Test Automation: Reduce time to analyze and report failures
There are many basics expectations from automation testing framework like code re-usability, human readable report generation, easy maintenance etc…
These are the expectations that are the widely discussed in every forum, blog and meet ups with few exceptions.
However once we created framework with all expectations and starts using it in real time, there will be many other problems/requirements will emerge.
These new problems may not be a must have feature but having those features will ensure that success of test automation.

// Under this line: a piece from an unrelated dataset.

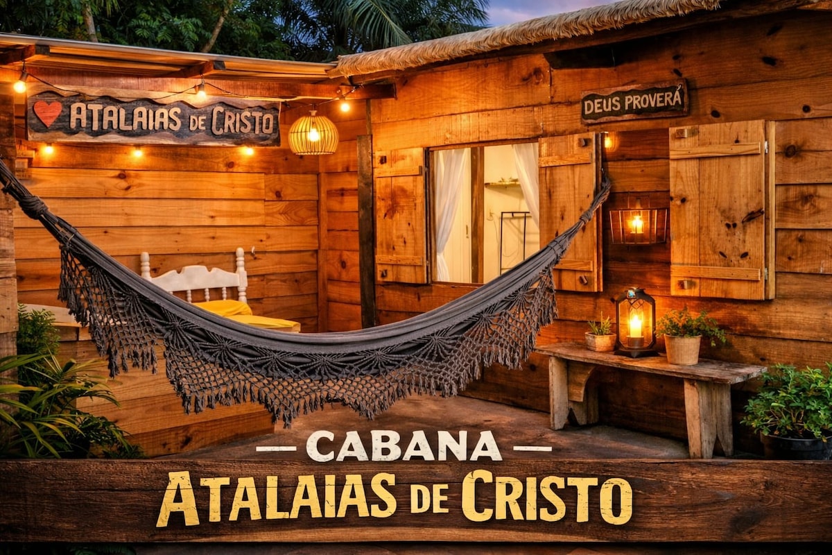 "Cabana Atalaias de Cristo: Charme, Rusticidade e Privacidade." Foi pensada para ser mais do que uma hospedagem é uma experiência de paz. Um espaço aconchegante, com estilo rústico e toques românticos, ideal para viver momentos especiais. Cada detalhe convida você a relaxar: Área externa reservada, perfeita para um café da manhã tranquilo. Cantinho acolhedor para noites mais intimistas. Ambiente que mistura clima de montanha com a energia da praia. Silêncio e privacidade.

One such problem we recently encountered is that in multiple cycles of regression testing, same test cases failed again and again due to the same bug and automation developers had to validate these scripts multiple times. This portrayed a picture that the number of failures are not reducing in each regression cycle; Developers had to debug the failure only to find out that it is failed due to existing bug while increasing time to analyse and report test results.

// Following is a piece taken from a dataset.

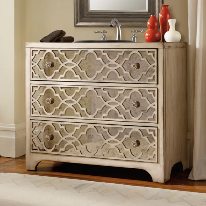 Transition easily from California villa to Chicago loft to Carolina cottage as the Grace Hall Chest exudes tranquility and charm with its updated transitional design perfect for any home or style. A pearlized Parchment finish adds updated but timeless beauty. Featuring two functioning antiqued mirror drawers with English dovetail construction and delicately designed pewter hardware. Handmade individually from Asian hardwood solids with select oak and red cedar veneers. Cole + Co. Carlylse or Coventry Drop-in sinks for use with existing wooden top; Cole + Co. Fairfield undermount should you want to add your own granite, marble or quartz top. Check meassurements to insure a fit prior to ordering. If stone top is preferred, please note on order "Cut for Granite" and Cole + Company craftsmen will cut a large hole in the top of the vanity prior to shipment to ease in sink positioning during customer-supplied stone top installation. Any and all vanities with custom cuts (including for a specified sink or stone top) are considered a special order and therefore are non-returnable. Cole will also cut to your own custom sink presuming it fits. Just note on the order which sink you will be using. If Cole + Company do not have a template for your particular sink, to insure a proper fit, Cole + Company may require you to send the sink or a template. All sink options subject to existing conditions on the vanity and are subject to change.Wooden vanity top as shown, to be cut by Cole for drop-in sink as specified by customer or cut out for addition of customer supplied custom stone top. Faucet holes standard is for widespread if sink is ordered otherwise, no cuts on top will be made.

When the number of automated tests and failures are less, this may not look like a problem. Once the number of automated tests increases, assume that we have 2000, this will cause a problem in analyzing and reporting the bugs.
What can we do to improve?
We can integrate automation framework with bug management system that we are using and tag a bug ID to each automation test case, if any. Tagging can be done using many different mechanism like ,
- Creating groups with bug ID and exclude or include groups while execution after validating the bug status, in case of TestNG
- Simply keep test case to Bug ID map in a properties or xml or json file. Before execution of a test, enable framework to get bug ID from this mapping file, if any, for test case in execution and validate the bug status; if the bug is Reopened/Open/New status skip the execution; if the bug is Resolved/Verified/Closed status proceed execution.
- Even we can use custom annotations
By doing this, we are not executing those test cases that we know will fail for sure when executed; The results will be more green, will be easy to analysis new failures and time to report issues to respective stakeholder will be reduced.